Nova pagina 5

Folha de São Paulo, Ciência,
domingo, 02 de março de 2008


+ Marcelo Leite


A engenharia da pérola


Brasileiro busca substância com a dureza do vidro e a
flexibilidade do plástico


Imagine uma película com espessura de um quinto de fio de cabelo, tão resistente
quanto uma folha de alumínio e que pode ser esticada até 25% de seu tamanho
original -sem se romper. É o mais perto que engenheiros de materiais chegaram de
seu Santo Graal, entre eles um brasileiro que aprendeu a ouvir atentamente as
lições ensinadas por pérolas e conchas.

André Studart, 33, orgulha-se de ser um pesquisador que fez toda a formação -até
o doutorado- no Brasil. Mais precisamente, na Universidade Federal de São
Carlos. Mora há seis meses em Cambridge (EUA), para pesquisar na Universidade
Harvard, mas viveu por cinco anos e meio em Zurique, na Suíça. Quer regressar,
mas depende das condições no país e de uma deliberação familiar.

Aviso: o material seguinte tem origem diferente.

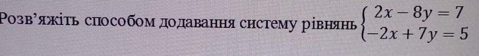 Привабляем все части системы уравнений и складываем их между собой. Сокращаем 2x и -2х, зачем сокращаем -8y и 7y, затем складываем суммы (7+5)

Seria uma pena se não voltasse. Em seu currículo carrega três patentes de novos
materiais e 45 artigos científicos. Entre eles o que foi publicado há nove dias
no periódico americano "Science", intitulado "Projeto e Montagem Bioinspirados
de Filmes de Polímeros Reforçados com Plaquetas".

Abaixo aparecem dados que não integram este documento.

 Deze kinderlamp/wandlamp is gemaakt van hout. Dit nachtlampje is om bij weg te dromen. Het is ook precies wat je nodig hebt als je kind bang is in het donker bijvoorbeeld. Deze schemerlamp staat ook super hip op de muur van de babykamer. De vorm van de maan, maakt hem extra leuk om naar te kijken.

Nos meios especializados, o trabalho que Studart desenvolveu com Lorenz Bonderer
e Ludwig Gauckler, ainda no Instituto Federal de Tecnologia de Zurique (ETH, na
abreviação em alemão), foi saudado como uma façanha de biomimetismo. Sabe aquele
lugar-comum de arte imitando a vida? Pois é. O brasileiro e seus colegas suíços
buscam inspiração na engenharia viva de pérolas e conchas.

Quem já catou sapinhoás (berbigões) nas praias de Ubatuba sabe o quanto são
duras as conchas desses moluscos bivalves. O segredo de sua resistência é o
mesmo das pérolas: a madrepérola, ou nácar. Camada sobre camada de
microplaquetas de carbonato de cálcio unidas por um polímero natural, como
tijolos de cerâmica ultra-resistente mantidos no lugar por um cimento maleável.

Eis o pão e o vinho dos engenheiros de materiais: uma substância com a dureza do
vidro e a flexibilidade do plástico. No seu jargão, com alta resistência
mecânica e alta tenacidade (ductibilidade). Ou seja, uma coisa que agüente muita
pressão, por ser capaz de absorver boa parte da energia ao deformar-se, sem
quebrar.

Studart e companhia confiam na estrutura das conchas e das pérolas, mas preferem
outros materiais. "O espectro disponível para a natureza é bem menor que o
nosso", disse o cientista brasileiro. "O carbonato de cálcio é muito frágil e
pobre."

Eles substituíram o material das conchas, que não passa de um primo do giz, por
plaquetas de alumina (óxido de alumínio, Al2O3). Como cimento os pesquisadores
usaram quitosana, um biopolímero obtido de cascas de crustáceos, como camarões.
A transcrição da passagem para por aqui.